**TASK OBJECTIVE**
The material below holds pictures, which are to be left out; copy exactly the lines from the one with "溫家寶總理蹲下來與裝配底盤的工人親切交談" through the one with "Дошкольники с родителями".

**AVAILABLE RECORDS**
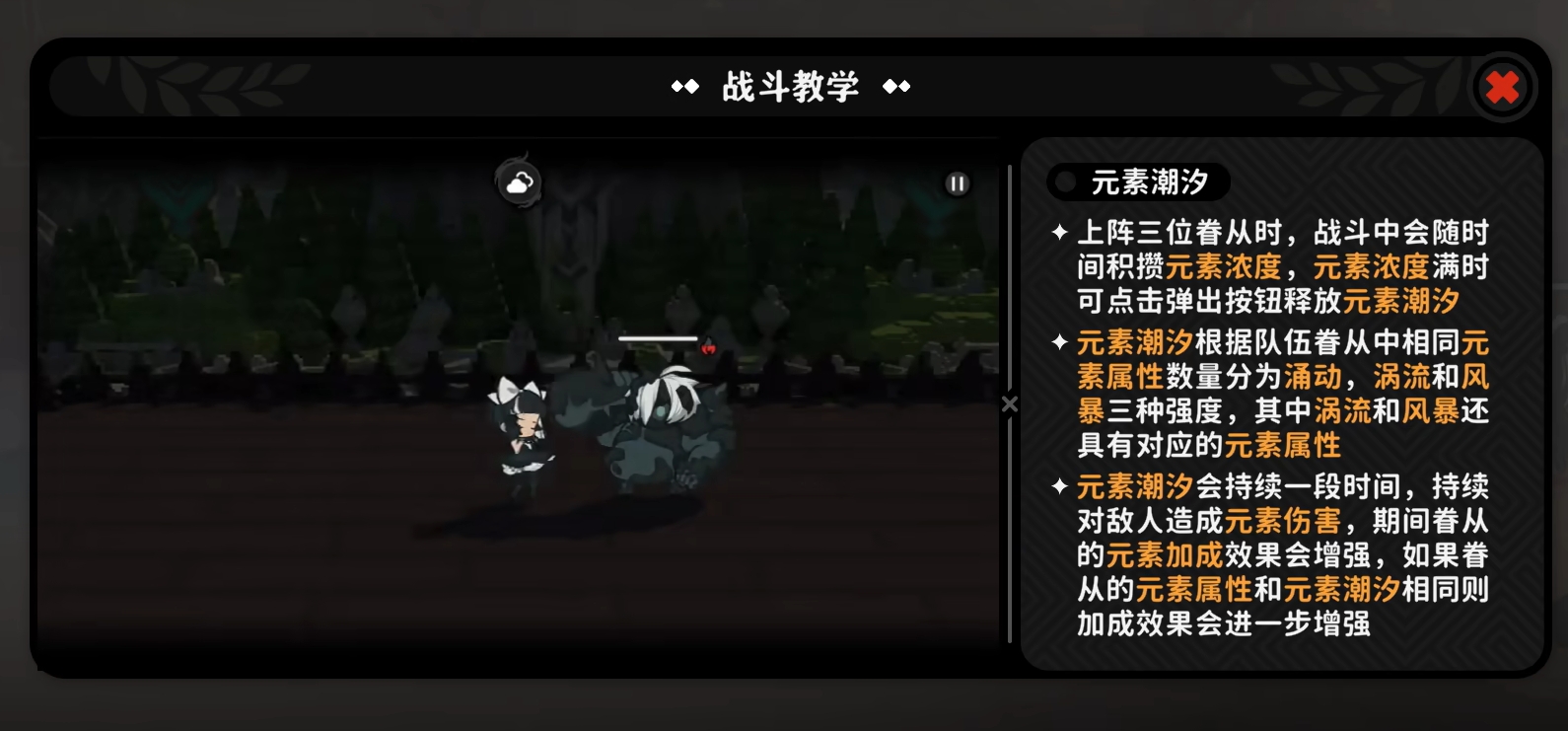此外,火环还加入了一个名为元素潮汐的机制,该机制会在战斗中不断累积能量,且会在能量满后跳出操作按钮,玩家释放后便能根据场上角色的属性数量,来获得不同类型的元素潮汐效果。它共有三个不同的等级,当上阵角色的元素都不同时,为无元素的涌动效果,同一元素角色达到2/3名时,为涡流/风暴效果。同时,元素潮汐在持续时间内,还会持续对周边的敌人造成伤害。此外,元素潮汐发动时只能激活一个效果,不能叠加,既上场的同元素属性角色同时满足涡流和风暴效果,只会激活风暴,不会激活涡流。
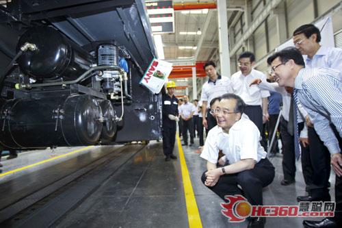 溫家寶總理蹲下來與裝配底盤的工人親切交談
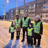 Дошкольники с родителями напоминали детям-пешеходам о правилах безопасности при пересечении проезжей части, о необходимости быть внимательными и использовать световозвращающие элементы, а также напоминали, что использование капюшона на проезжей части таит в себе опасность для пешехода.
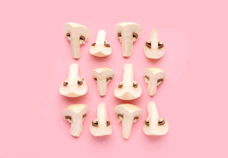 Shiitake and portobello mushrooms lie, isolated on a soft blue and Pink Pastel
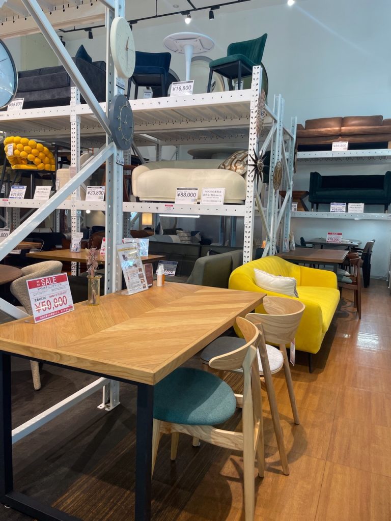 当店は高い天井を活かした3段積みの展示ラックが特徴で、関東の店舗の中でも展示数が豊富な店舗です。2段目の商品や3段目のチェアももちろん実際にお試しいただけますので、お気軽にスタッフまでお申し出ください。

**WRITTEN ANSWER**
 溫家寶總理蹲下來與裝配底盤的工人親切交談
 Дошкольники с родителями напоминали детям-пешеходам о правилах безопасности при пересечении проезжей части, о необходимости быть внимательными и использовать световозвращающие элементы, а также напоминали, что использование капюшона на проезжей части таит в себе опасность для пешехода.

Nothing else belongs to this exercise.